08   name   = "terraform"
12   proxied = true
11   ttl    = 120
10   type   = "A"
09   value  = "${digitalocean_droplet.mywebapp.ipv4_address}"
13   provisioner "local-exec" {
14     command = "firefox ${cloudflare_record.mywebapp.hostname}"
15   }
16 }
18 output "Website:" {
19   value = "${cloudflare_record.mywebapp.hostname}"
20 }

To create a DNS entry, Terraform needs the public IP address that is in the digitalocean_droplet.mywebapp.ipv4_address attribute of the droplet. Once the cloudflare_record is created, the local-exec provisioner launches Firefox and loads a page with the configured URL.

Thanks to this configuration, Terraform should display the IP addresses and domain names of the websites from which the users access the container. The name is provided by the value in cloudflare_record.mywebapp.hostname.

Make sure Terraform finds all the dependencies for the new cloudflare provider (Listing 5, line 1) by running terraform init. To continue with the deployment,

terraform plan -out cloudflare-plan

creates a new plan describing what Terraform would do (Figure 3). As it turns out, it would only provide the Cloudflare resource here.
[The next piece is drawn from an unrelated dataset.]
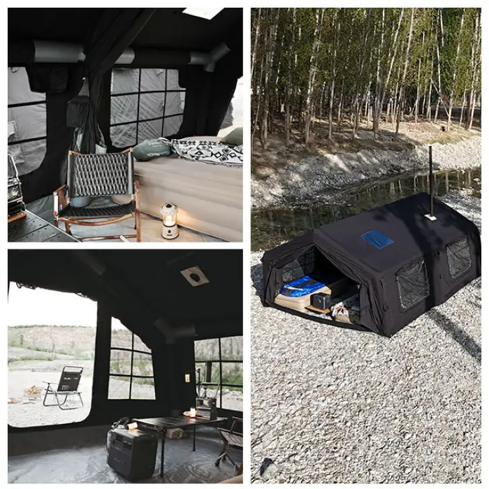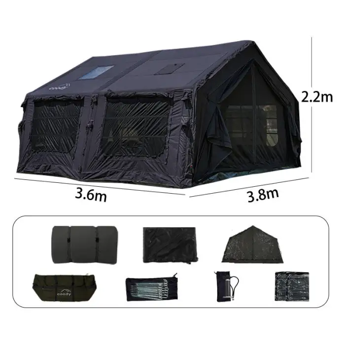 The tent features an easy setup process and comes with an included air pump for quick inflation.

The call does not change the other resources because they have already been provisioned.

Figure 3: Terraform carries out the cloudflare-plan for testing and outputs feedback.

The command in Figure 4,

terraform apply cloudflare-plan
Figure 4: In addition to the IP address, the domain name of the newly offered website appears.

adapts or extends the infrastructure by adding the Cloudflare component. Users can subsequently reach the website at the configured address, which is also in the command output. A quick check in the browser of the URL specified in terraform.tfvars is sufficient to test whether the website exists.

Reset Application

To avoid the need to delete every single component manually, you can remove the provisioned infrastructure with:

terraform destroy

However, nothing happens without explicit confirmation by typing yes in the dialog, which is a good thing, because you will not want the infrastructure to disappear as the result of an accidental destroy command without due consideration.


The example shows how Terraform succeeds in providing infrastructure and expanding it dynamically. The plan subcommand displays planned changes beforehand, allowing for a review. If you delete a DNS entry (e.g., Cloudflare's), Terraform identifies this change and corrects it with apply. This confirmation does not affect other resources. Because many providers already exist, it is quite easy to enter the world of Infrastructure as Code, thanks to Terraform.